*WORK INSTRUCTION:*
Return the data below exactly as given, except for the images.

# # # #

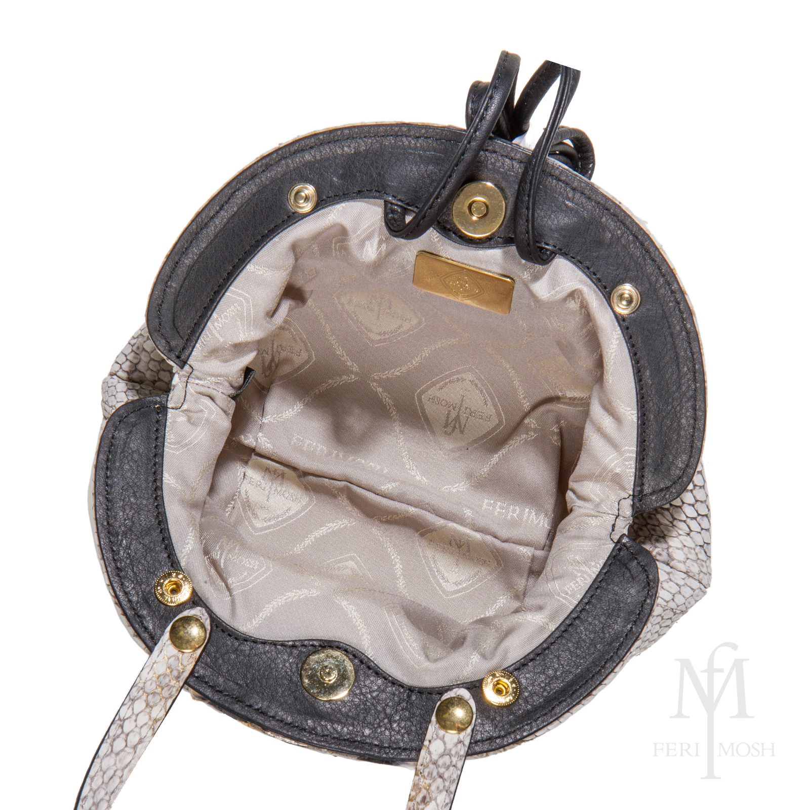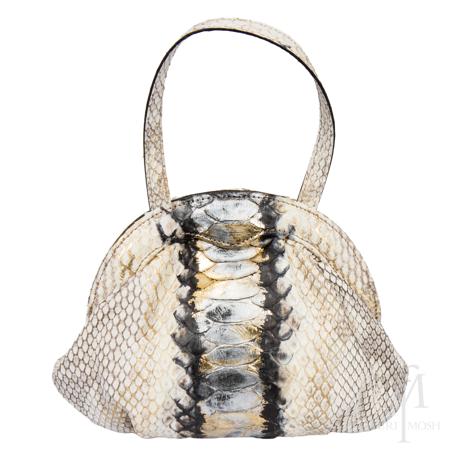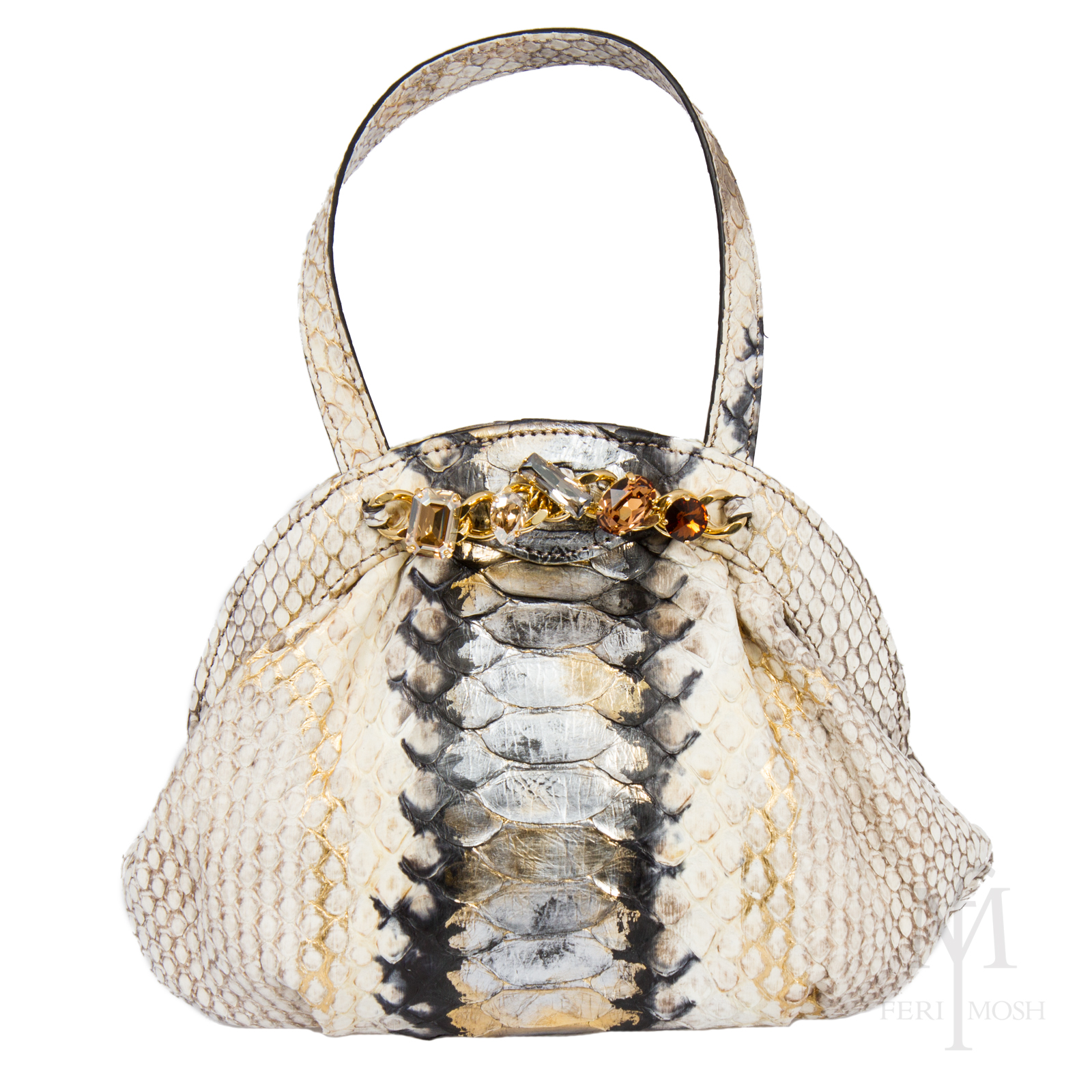 - Cream and black Metallic genuine python and nappa leather evening bag
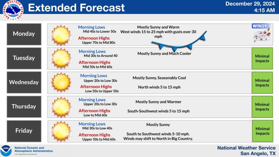 The extended forecast predicts cooler temperatures starting Tuesday as a cold front moves through the area. Highs will fall to the mid-50s to mid-60s, with morning lows in the 30s. Seasonably cool conditions will persist through midweek, accompanied by sunny skies and lighter winds.
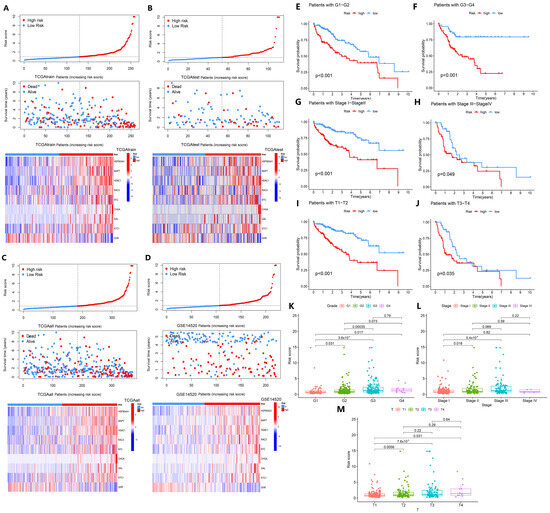 Analysis of basic clinical features associated with the high- and low-risk groups. (A–D) Risk curves, survival status, and prognostic signatures heatmap in TCGAtrain, TCGAtest, GEOtest (GSE14520), and TCGAall datasets. (E,F) Kaplan–Meier curve analysis of pairwise comparisons of G1 to G2 and G3 to G4 between high-risk and low-risk groups. (G,H) Kaplan–Meier curve analysis of pairwise comparisons of stage I to stage II and stage III to stage IV between high-risk and low-risk groups. (I,J) Kaplan–Meier curve analysis of pairwise comparisons of T1 to T2 and T3 to T4 between high-risk and low-risk groups. (K–M) Comparison of different grades, different stages, and different T stages.
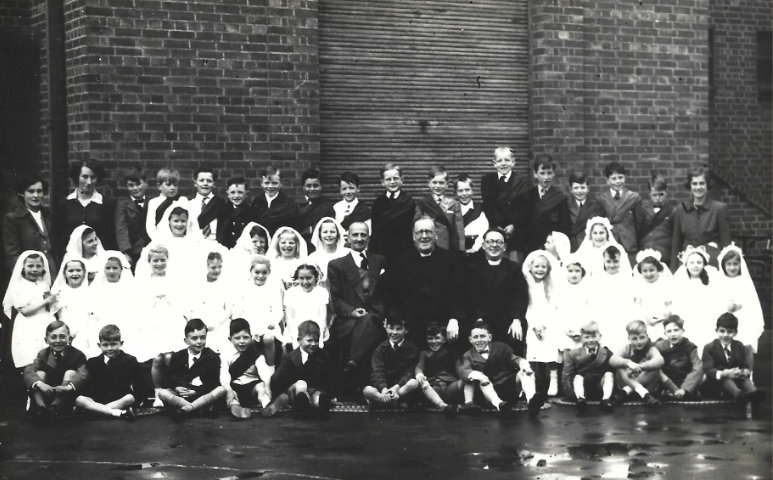 Mr Bates, headmaster, on left, Canon Stokes , middle, Father Oats, right. Margaret Cosgrove is seated next to Mr Bates. The Cosgroves lived at 56 Kendal Way.
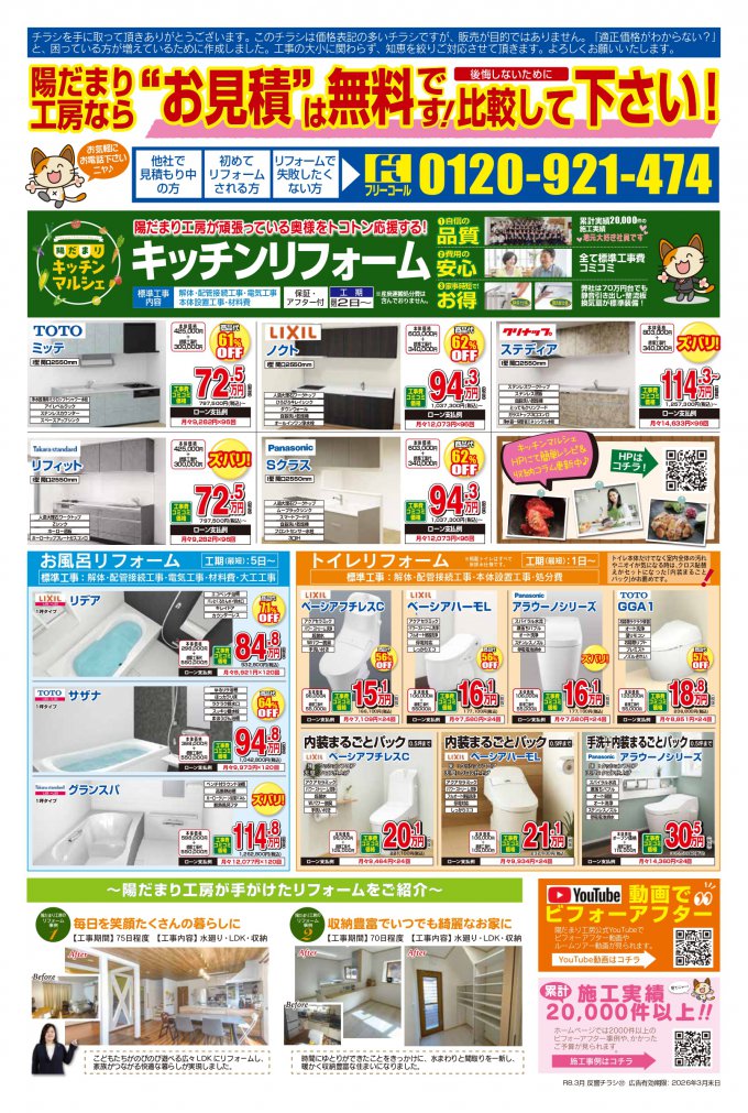 それぞれの企画の詳細や、取り扱いリフォームの価格等は折込チラシをご覧ください。

# # # #

*SOLUTION FOR THIS TASK:*
 - Cream and black Metallic genuine python and nappa leather evening bag
 The extended forecast predicts cooler temperatures starting Tuesday as a cold front moves through the area. Highs will fall to the mid-50s to mid-60s, with morning lows in the 30s. Seasonably cool conditions will persist through midweek, accompanied by sunny skies and lighter winds.
 Analysis of basic clinical features associated with the high- and low-risk groups. (A–D) Risk curves, survival status, and prognostic signatures heatmap in TCGAtrain, TCGAtest, GEOtest (GSE14520), and TCGAall datasets. (E,F) Kaplan–Meier curve analysis of pairwise comparisons of G1 to G2 and G3 to G4 between high-risk and low-risk groups. (G,H) Kaplan–Meier curve analysis of pairwise comparisons of stage I to stage II and stage III to stage IV between high-risk and low-risk groups. (I,J) Kaplan–Meier curve analysis of pairwise comparisons of T1 to T2 and T3 to T4 between high-risk and low-risk groups. (K–M) Comparison of different grades, different stages, and different T stages.
 Mr Bates, headmaster, on left, Canon Stokes , middle, Father Oats, right. Margaret Cosgrove is seated next to Mr Bates. The Cosgroves lived at 56 Kendal Way.
 それぞれの企画の詳細や、取り扱いリフォームの価格等は折込チラシをご覧ください。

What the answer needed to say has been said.